The gathering, last month, came just days after LTH was told it had been placed in a category known as NHS Oversight Framework Segment 4. It means the trust will receive “intensive support” from the National Recovery Support Programme and, having identified the underlying reasons for its “performance challenges”, agree how to resolve them.
LTH chair Professor Mike Smith said there could not be any “additional spending” in the year ahead, because “that’s just additional debt”.
Figures presented to the meeting revealed the scale of the budgetary pressure LTH is under. Its permitted deficit for 2024/25, agreed with NHS England, was £21.9m – for which it received funding halfway through the year. It was then aiming to break even by the end of this month.
However, LTH is now forecasting a deficit of £42.5m for the financial year, partly due to falling short of its £58m savings target. At the February meeting, it was reported that £21.7m had been delivered – £14m of which was recurrent, the remainder a one-off.
Chief executive Silas Nicholls said the situation had not “happened overnight”, but was” the culmination of…about ten years of building financial pressure within the organisation”.
He added: “As we went through [the] Covid period, when finance became less of an issue [amid] the national emergency we were facing, I think that gave the organisation [a period] of respite.
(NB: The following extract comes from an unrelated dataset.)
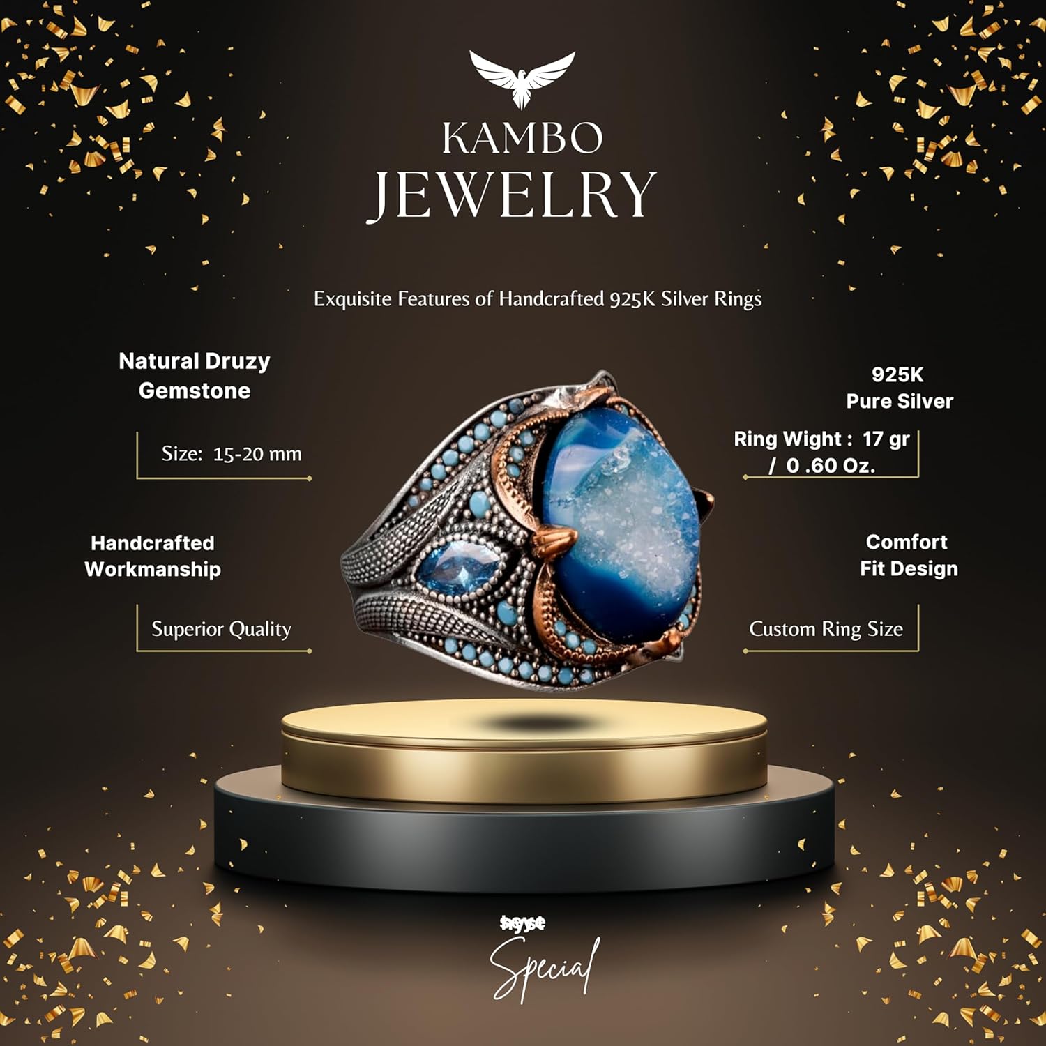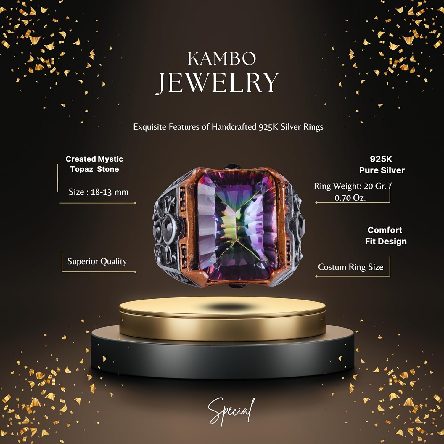 925 Ayar Gümüş Yüzük - Erkekler İçin Oluşturulmuş Taş Yüzük - El Yapımı Yüzük (Oluşturulmuş mistik topaz)

Now, that Covid money has been withdrawn from not just us, but the whole of the NHS.
Mr. Nicholls said the trust was having to wrestle with “the need to live within our means…, but also dealing with ever increasing demand…driven by wider changes in society”.
“What we don’t want is to hit one financial target and then completely lose the whole point of why we’re here as a hospital,” he acknowledged.
David Stonehouse, interim chief finance officer, stressed that the budgetary situation was not as a result of “spending [being] out of control]”, but rather the challenge of “delivering a significant amount of savings”. The £58m target for 2024/25 represented seven percent of LTH’s operational expenditure for the year.
Meanwhile, looking to the longer term, Prof Smith said the aim was “to get back to doing what we do best”, with the Royal Preston delivering “exceptional” tertiary services – the most specialised care – and Chorley and South Ribble Hospital functioning as a district general.